+++ SUPPLIED ENTRIES

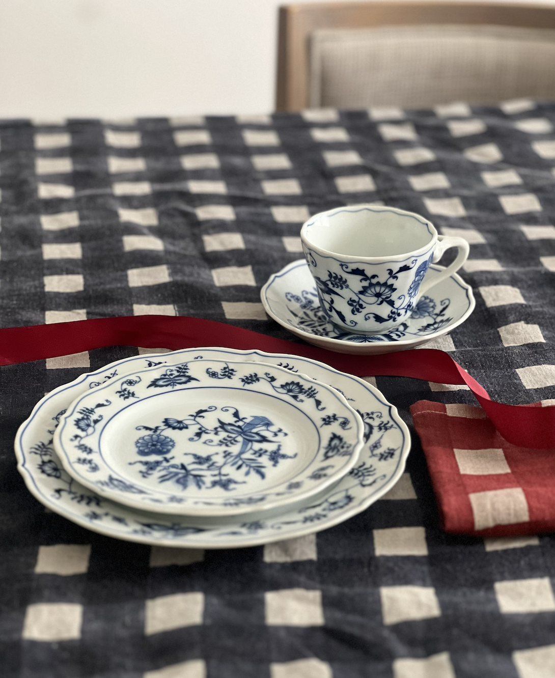 Meadow layers effortlessly with our Indigo Block Print Tablecloth or holds its own as a statement piece.
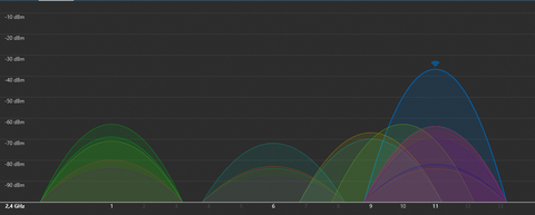 Ezek közül kellene az egyikkel csinálni egy mérést a helyi viszonyokról és képernyőmentés berakni a 2,4 GHz-s csatorna képről.
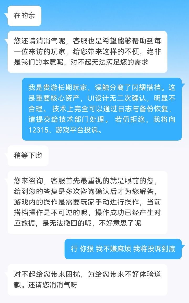 我是《无限梦境》长期玩家,因UI设计严重缺陷,误触分离了自己倾注大量心血的闪耀搭档,一键永久分离,无二次确认、无冷却、无反悔机会。事发第一时间联系客服申请数据恢复,提交UID、时间、操作记录,请求技术部门调取日志与备份回档,得到的只有冰冷的“无法处理”“不予理睬”。 我想请问官方: 1. 技术上真的做不到吗? 服务器有完整操作日志与定时备份,恢复单个账号核心数据,对技术团队不过是几分钟的
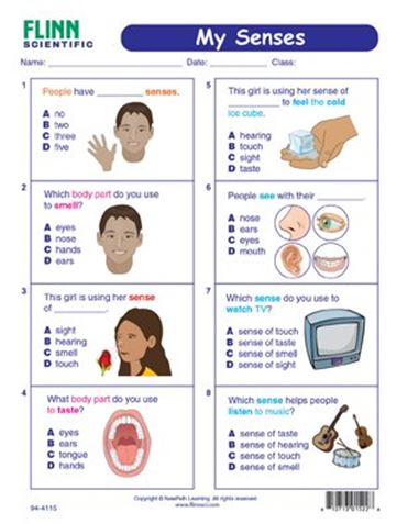 My Senses NewPath Visual Learning Guide provides comprehensive coverage of the five senses. Each 11" x 17" guide includes four panels of helpful information, including an overview, practice exercises, a graphic organizer and assessment and review questions. Each laminated Write-On/Wipe-Off guide provides an engaging way to study the five human senses. Set of 10.
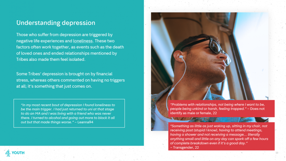 Those who suffer from depression are triggered by negative life experiences and loneliness. These two factors often work together, as events such as the death of loved ones and ended relationships mentioned by Tribes also made them feel isolated.
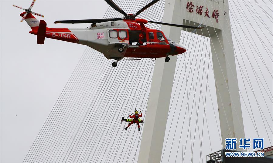 6月3日,航空救援直升機在演練中救起“傷員”。新華社記者方喆攝。
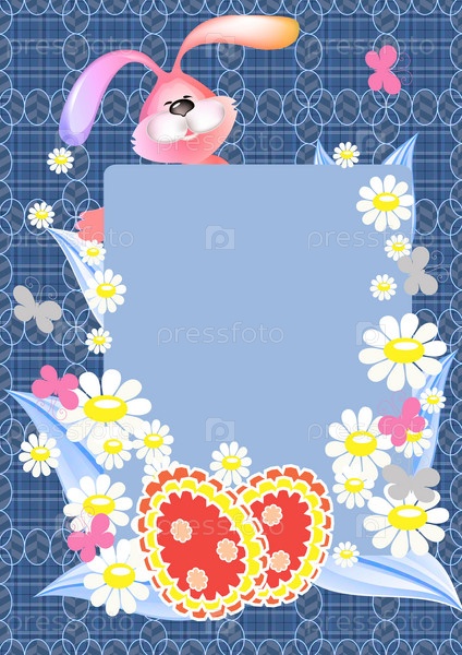 Открытка с розовым зайчиком и ромашками
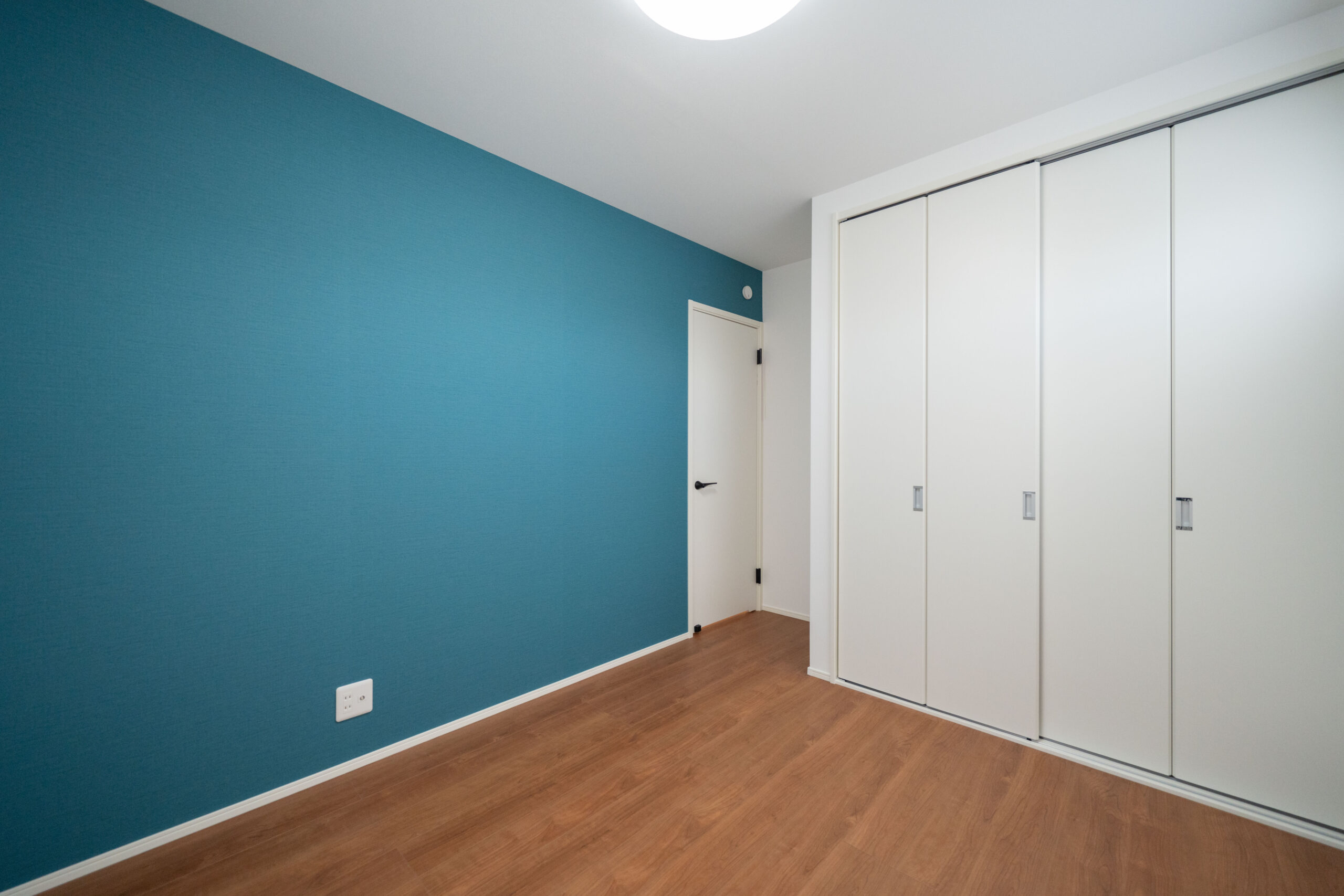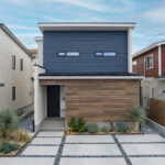 木目とブルーのラップサイディングを組み合わせた、ミッドセンチュリーらしい存在感のある外観デザインです。外壁には東レのラップサイディングを採用し、水平ラインが生み出す落ち着いた佇まいが魅力。異素材の組み合わせがモダンで洗練された印象をつくり、個性的でありながら街並みに馴染むデザインに仕上がっています。
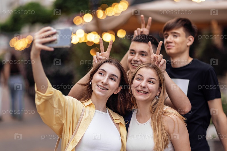 Четыре симпатичных подростка делают селфи. Забавные друзья фотографируют себя
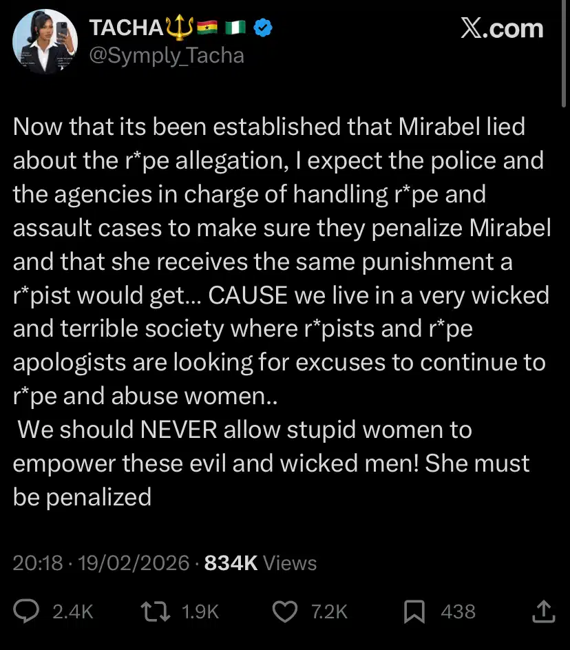 Tacha wrote: “Now that it’s been established that Mirabel lied about the rpe allegation, I expect the police and the agencies in charge of handling rpe and assault cases to make sure they penalize Mirabel and that she receives the same punishment a rpist would get… CAUSE we live in a very wicked and terrible society where rpists and rpe apologists are looking for excuses to continue to rpe and abuse women.. We should NEVER allow stupid women to empower these evil and wicked men! She must be penalized.”
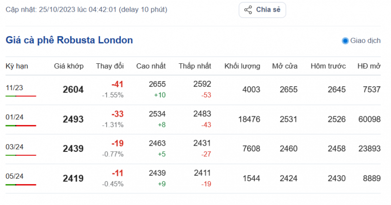 Kết thúc phiên, giá cà phê Robusta trên sàn London ngày 25/10/2023 xu hướng giảm sâu. Mức giảm mạnh từ 11 - 41 USD, dao động từ 2.419 - 2.604 USD/tấn. Cụ thể, kỳ hạn giao tháng 11/2023 giảm 41 USD, còn 2.604 USD/tấn và kỳ hạn giao tháng 1/2024 giảm 33 USD, xuống 2.493 USD/tấn. Khối lượng giao dịch trên mức trung bình.
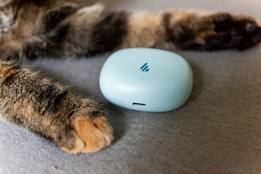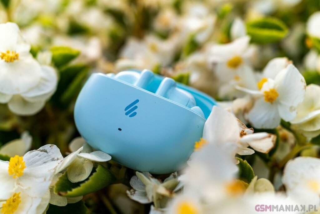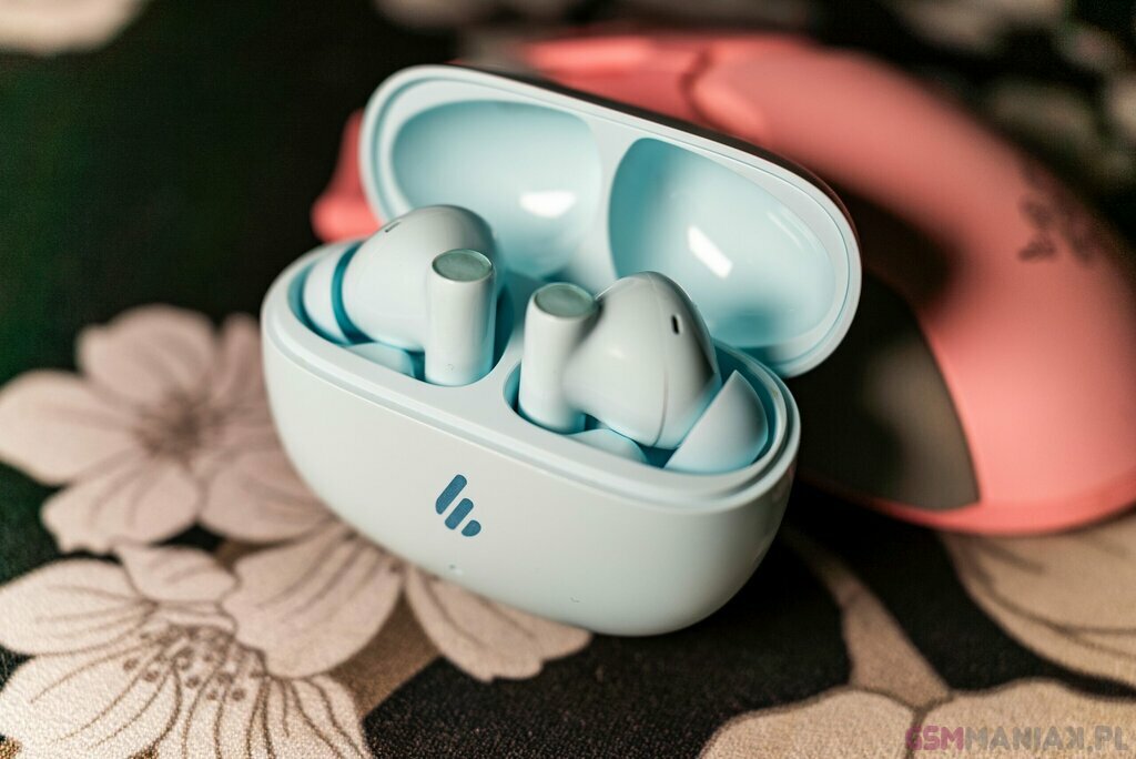 Słuchawki z kolei to już błysk w całości, który jednak mimo to, nie zbiera na sobie odcisków palców. Nie są to ani przesadnie duże, ani małe TWS-y. Spasowanie jest niczego sobie, a patrząc od góry, mamy ciekawy akcent na stemie, w postaci… brokatowego wykończenia? Tak bym to nazwał. W tym obszarze Edifier poradził sobie zwyczajnie dobrze, nie ma się do czego przyczepić.
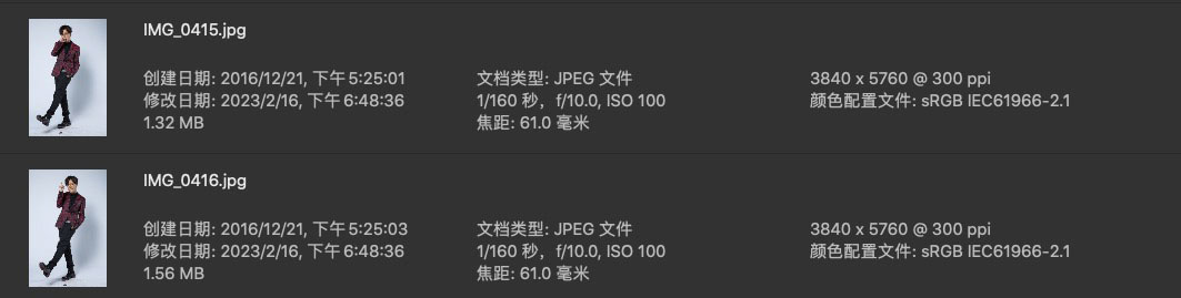 整体为灰色背景,图片有压缩,虽然分辨率和ppi 数据不错,但全身照放大后细节不足。
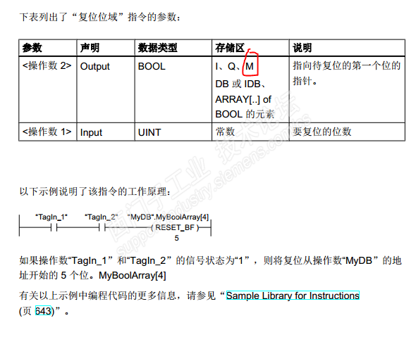 参考手册,操作数2写着要复位的第一个位,M0.3,操作数1写着要复位的位数,11。
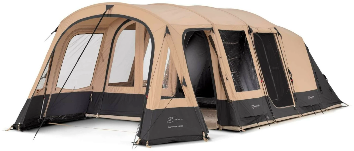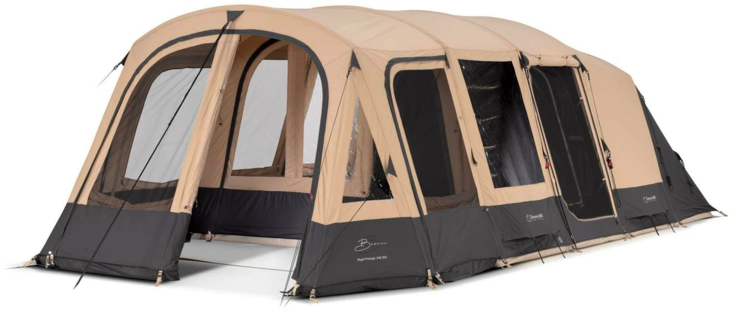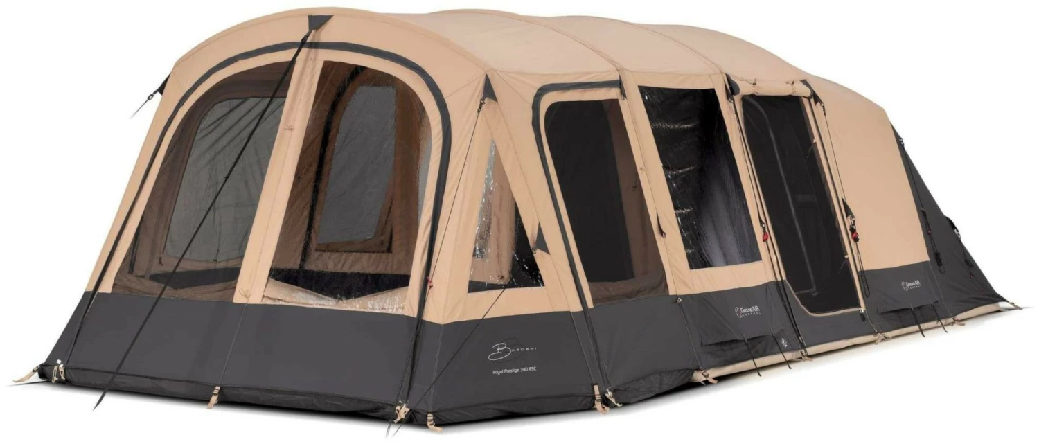 De Bardani Royal Prestige 340 RSC is een zeer luxe, rechtwandige katoenen tunneltent met extra diepe afsluitbare luifel en een afritsbaar bisonyl kuipgrondzeil. De buitentent is van 100 % ripstop katoen.(220 gr/m2). De binnentent is van ademend technisch katoen, en extra lang (230 cm). De binnentent is 320 cm breed, en te verdelen in twee gedeelten, eentje van 180 cm breed, en een van 140 cm breed).
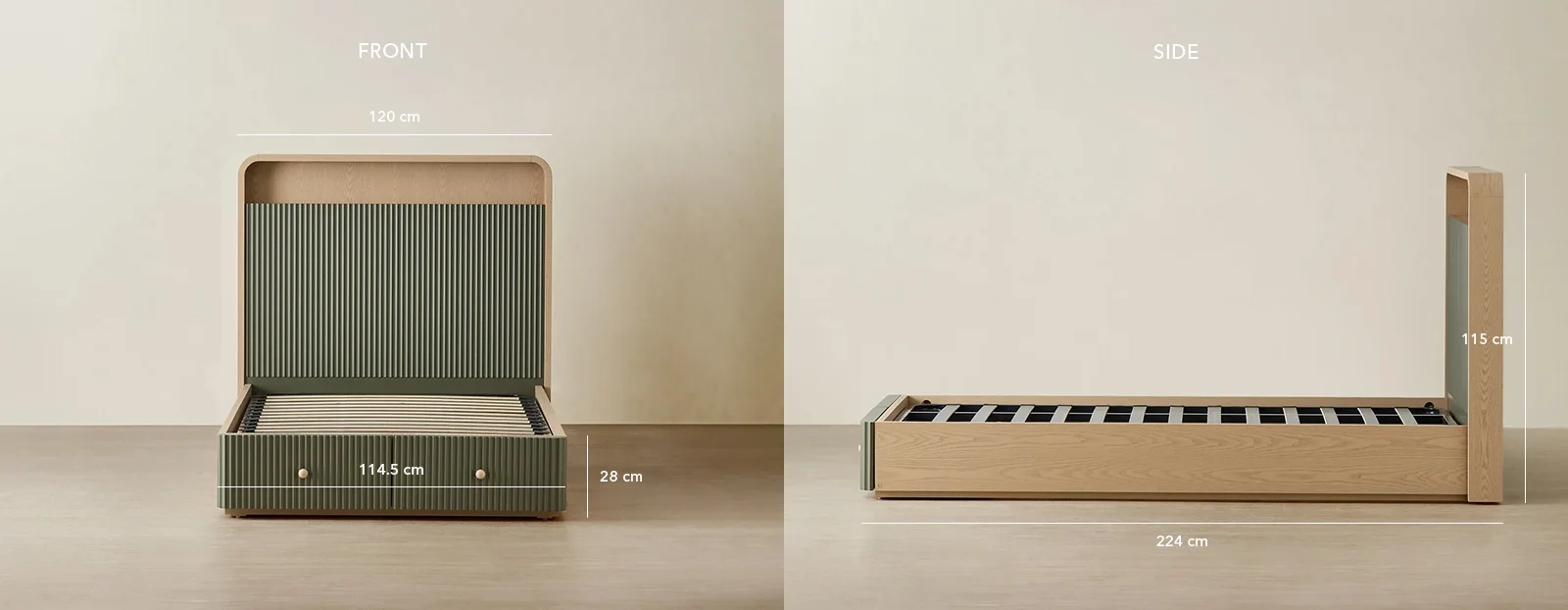 Two built-in drawers provide easy storage for toys, clothes, or books, helping keep the room tidy. Simple, durable, and practical, it’s a bed that works for both sleep and play.
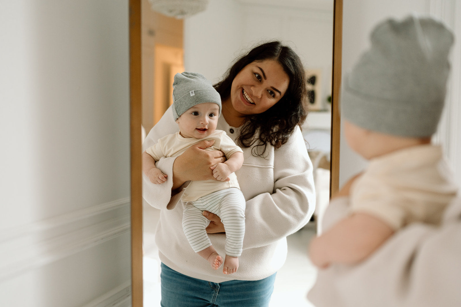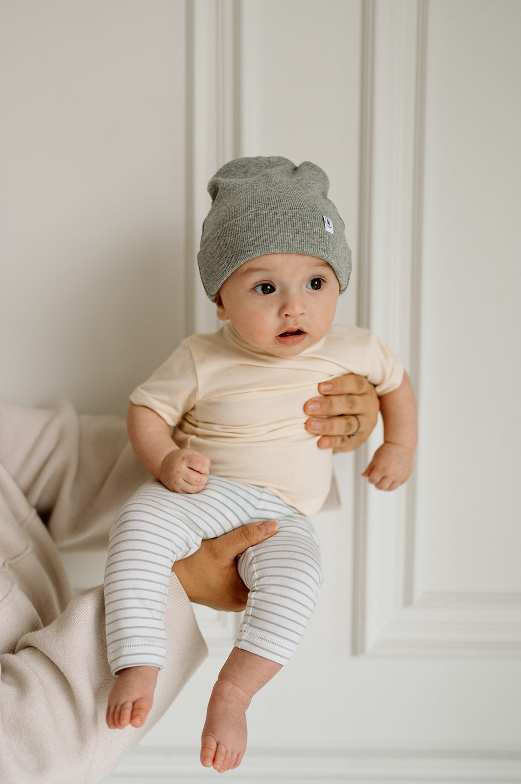 Thick, Snug, Cold Weather Beanie For Babies & Children In Light Grey.
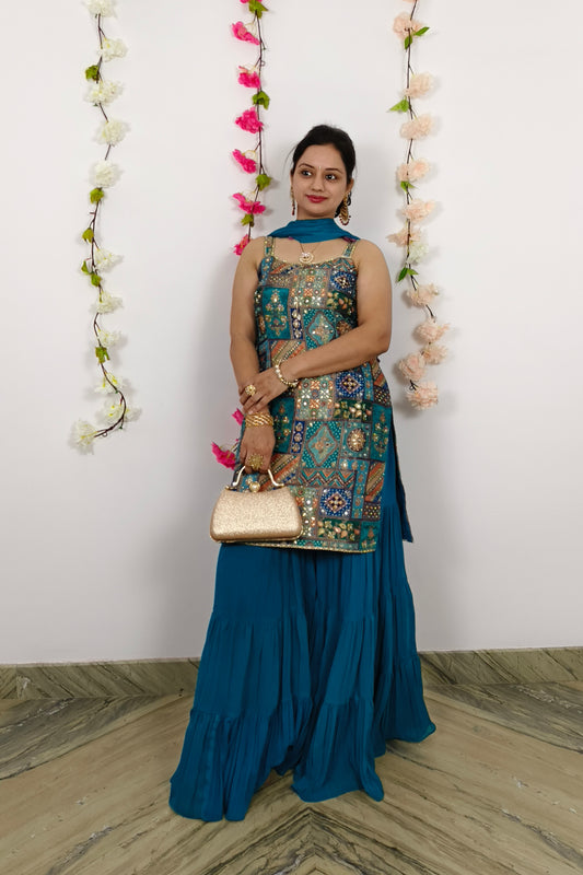 Spagheti Style Girlish Straight Sharara Suit In Pure Banarasi Fabric in Firozi
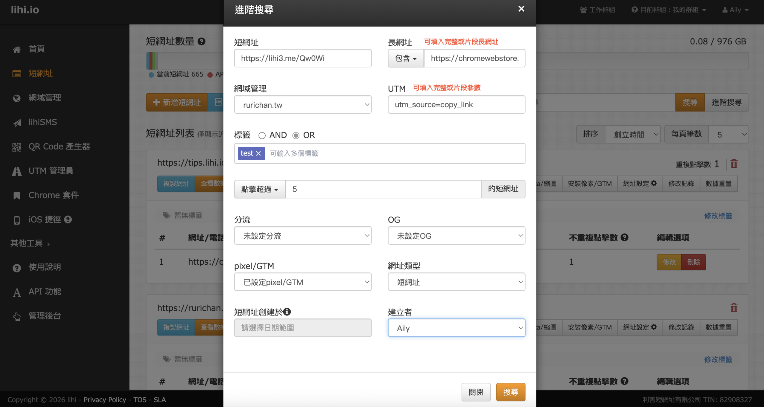 - 基礎資訊: 可透過「短網址」、「長網址」或「網域」進行檢索。

++++++

WHAT THE TASK REQUIRES:
Give the data back exactly, omitting all pictures.

OUTPUT BELOW:
 Meadow layers effortlessly with our Indigo Block Print Tablecloth or holds its own as a statement piece.
 Ezek közül kellene az egyikkel csinálni egy mérést a helyi viszonyokról és képernyőmentés berakni a 2,4 GHz-s csatorna képről.
 我是《无限梦境》长期玩家,因UI设计严重缺陷,误触分离了自己倾注大量心血的闪耀搭档,一键永久分离,无二次确认、无冷却、无反悔机会。事发第一时间联系客服申请数据恢复,提交UID、时间、操作记录,请求技术部门调取日志与备份回档,得到的只有冰冷的“无法处理”“不予理睬”。 我想请问官方: 1. 技术上真的做不到吗? 服务器有完整操作日志与定时备份,恢复单个账号核心数据,对技术团队不过是几分钟的
 My Senses NewPath Visual Learning Guide provides comprehensive coverage of the five senses. Each 11" x 17" guide includes four panels of helpful information, including an overview, practice exercises, a graphic organizer and assessment and review questions. Each laminated Write-On/Wipe-Off guide provides an engaging way to study the five human senses. Set of 10.
 Those who suffer from depression are triggered by negative life experiences and loneliness. These two factors often work together, as events such as the death of loved ones and ended relationships mentioned by Tribes also made them feel isolated.
 6月3日,航空救援直升機在演練中救起“傷員”。新華社記者方喆攝。
 Открытка с розовым зайчиком и ромашками
 木目とブルーのラップサイディングを組み合わせた、ミッドセンチュリーらしい存在感のある外観デザインです。外壁には東レのラップサイディングを採用し、水平ラインが生み出す落ち着いた佇まいが魅力。異素材の組み合わせがモダンで洗練された印象をつくり、個性的でありながら街並みに馴染むデザインに仕上がっています。
 Четыре симпатичных подростка делают селфи. Забавные друзья фотографируют себя
 Tacha wrote: “Now that it’s been established that Mirabel lied about the rpe allegation, I expect the police and the agencies in charge of handling rpe and assault cases to make sure they penalize Mirabel and that she receives the same punishment a rpist would get… CAUSE we live in a very wicked and terrible society where rpists and rpe apologists are looking for excuses to continue to rpe and abuse women.. We should NEVER allow stupid women to empower these evil and wicked men! She must be penalized.”
 Kết thúc phiên, giá cà phê Robusta trên sàn London ngày 25/10/2023 xu hướng giảm sâu. Mức giảm mạnh từ 11 - 41 USD, dao động từ 2.419 - 2.604 USD/tấn. Cụ thể, kỳ hạn giao tháng 11/2023 giảm 41 USD, còn 2.604 USD/tấn và kỳ hạn giao tháng 1/2024 giảm 33 USD, xuống 2.493 USD/tấn. Khối lượng giao dịch trên mức trung bình.
 Słuchawki z kolei to już błysk w całości, który jednak mimo to, nie zbiera na sobie odcisków palców. Nie są to ani przesadnie duże, ani małe TWS-y. Spasowanie jest niczego sobie, a patrząc od góry, mamy ciekawy akcent na stemie, w postaci… brokatowego wykończenia? Tak bym to nazwał. W tym obszarze Edifier poradził sobie zwyczajnie dobrze, nie ma się do czego przyczepić.
 整体为灰色背景,图片有压缩,虽然分辨率和ppi 数据不错,但全身照放大后细节不足。
 参考手册,操作数2写着要复位的第一个位,M0.3,操作数1写着要复位的位数,11。
 De Bardani Royal Prestige 340 RSC is een zeer luxe, rechtwandige katoenen tunneltent met extra diepe afsluitbare luifel en een afritsbaar bisonyl kuipgrondzeil. De buitentent is van 100 % ripstop katoen.(220 gr/m2). De binnentent is van ademend technisch katoen, en extra lang (230 cm). De binnentent is 320 cm breed, en te verdelen in twee gedeelten, eentje van 180 cm breed, en een van 140 cm breed).
 Two built-in drawers provide easy storage for toys, clothes, or books, helping keep the room tidy. Simple, durable, and practical, it’s a bed that works for both sleep and play.
 Thick, Snug, Cold Weather Beanie For Babies & Children In Light Grey.
 Spagheti Style Girlish Straight Sharara Suit In Pure Banarasi Fabric in Firozi
 - 基礎資訊: 可透過「短網址」、「長網址」或「網域」進行檢索。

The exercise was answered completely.